The penalty for late submission of assignments will be 5% (of the worth of the assignment) subtracted from the raw mark per day of being late. In other words, earned marks will be lost. For example, assume an assignment worth 20 marks is marked as 18, but had been submitted two days late. The late penalty will be 2 marks, resulting in a mark of 16 being awarded. No assignments will be accepted later than 5 days after the original deadline. For example, if you have your special consideration granted by UNSW for a one-week extension, there will be no late penalty if the assignment is submitted within 7 days after the original deadline. However, no further late submissions will be accepted after these 7 days.
Grading Basis
Standard
Course Schedule
Teaching Week/Module | Activity Type | Content |
---|---|---|
Week 1 : 27 May - 2 June | Lecture |
Introduction, basic information theory, basic compression |
Week 2 : 3 June - 9 June | Lecture |
More basic compression algorithms |
Week 3 : 10 June - 16 June | Lecture |
Adaptive Huffman; Overview of BWT |
Week 4 : 17 June - 23 June | Lecture |
Pattern matching and regular expression |
Week 5 : 24 June - 30 June | Lecture |
FM index, backward search, compressed BWT |
Week 7 : 8 July - 14 July | Lecture |
Suffix tree, suffix array, the linear time algorithm |
Week 8 : 15 July - 21 July | Lecture |
XML overview; XML compression |
Week 9 : 22 July - 28 July | Lecture |
Graph compression; Distributed Web query processing |
Week 10 : 29 July - 4 August | Lecture |
Optional advanced topics; Course Revision |
Attendance Requirements
Students are strongly encouraged to attend all classes and review lecture recordings.

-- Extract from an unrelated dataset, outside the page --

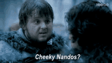 Samwell Tarly asks Jon Snow if he wants a 'Cheeky Nandos?' in this Game of Thrones scene.
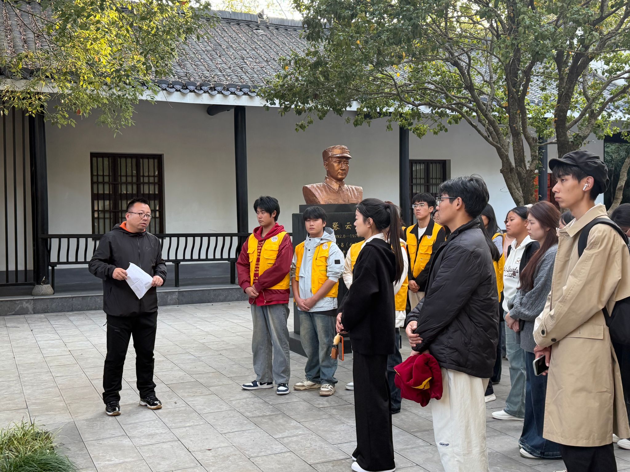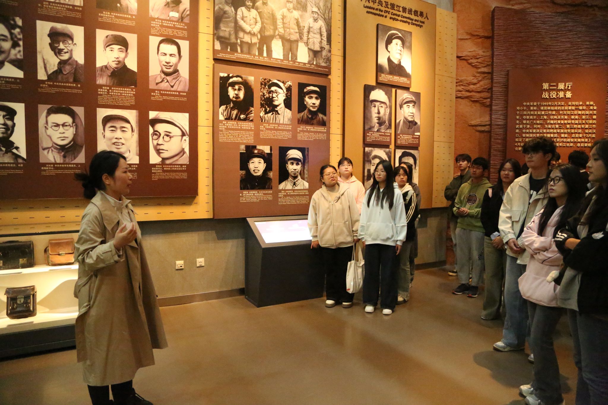 思政教师同行,理论在行走中“实”起来。此次活动的最大亮点,是将思政课堂“搬”到了革命历史现场。三位思政课教师陈慧、陈嵊、易佳佳将学生分成3组,分别在两处纪念地,结合具体史实,进行了现场教学。在渡江战役纪念馆的“胜利之师”群雕前,老师动情讲述军民鱼水情深;在指挥部旧址的作战室里,老师深入分析当时的战略布局与革命智慧。这堂“行走的思政课”将历史现场变为生动课堂,极大地激发了同学们的学习兴趣与情感共鸣。

General Schedule Information
The course schedule is an approximate guide to the sequence of topics in this course. It is subject to change as the term progresses.
Course Resources
Recommended Resources
There will be no textbook used in this course. Lecture slides and supplementary readings will be provided and used.

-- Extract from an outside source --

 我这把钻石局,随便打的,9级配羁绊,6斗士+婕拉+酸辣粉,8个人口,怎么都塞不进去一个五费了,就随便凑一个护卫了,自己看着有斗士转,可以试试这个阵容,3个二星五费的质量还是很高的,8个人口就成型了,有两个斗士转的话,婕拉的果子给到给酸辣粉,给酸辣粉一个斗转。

You may find the readings below useful as reference materials:
- Managing Gigabytes: Compressing and Indexing. Documents and Images, Second Edition. Ian H. Witten, Alistair Moffat, Timothy C. Bell, Morgan Kaufmann, 1999. (recommended reference, available at the university bookstore)
- Search Engines: Information Retrieval in Practice. W. Bruce Croft, Donald Metzler, and Trevor Strohman, Pearson Education, 2009.

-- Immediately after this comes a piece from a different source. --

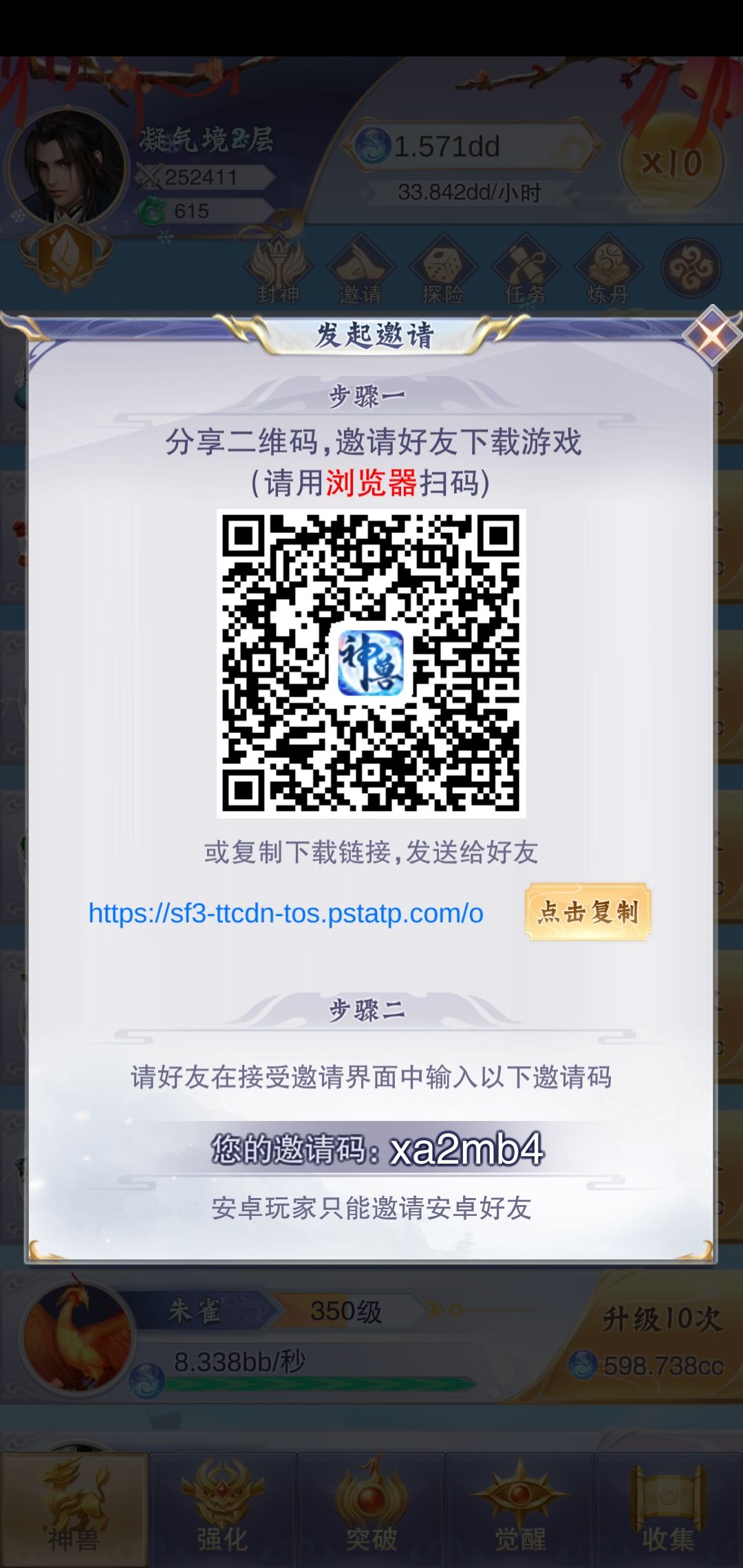 佛系挂机游戏,进游戏填写邀请码得仙 邀请码 xa2mb4

- http://www.data-compression.info contains lots of valuable resources on data compression (especially links to readings and useful advice), despite the website's pink color!
- Data on the Web: from relations to semistructured data and XML. Serge Abiteboul, Peter Buneman, Dan Suciu. Morgan Kaufmann, 2000.
You will also find your previous textbooks on data structures and/or algorithms useful, in case you need to refer to the fundamentals of data structures and algorithms for text processing.
Course Evaluation and Development
This course is evaluated each session using MyExperience.
The MyExperience evaluation from the last time I taught this course showed that students were overall satisfied with all aspects of the course. Thus we maintain a similar style and structure for this term. Since this is the second time that we run this course after the pandemic (from totally online back to hybrid mode), we will go through the in-depth topics in the recorded lectures and discuss more examples and/or practical considerations in the live lectures (mixed online & in person. Please note that your feedback is important and will be considered to improve future offerings of this course (e.g., how much content can remain online).
Students are also encouraged to provide informal feedback during the term and let the lecturer know of any problems, as soon as they arise. Suggestions will be listened to very openly, positively, constructively, and thankfully, and every reasonable effort will be made to address them as soon as possible.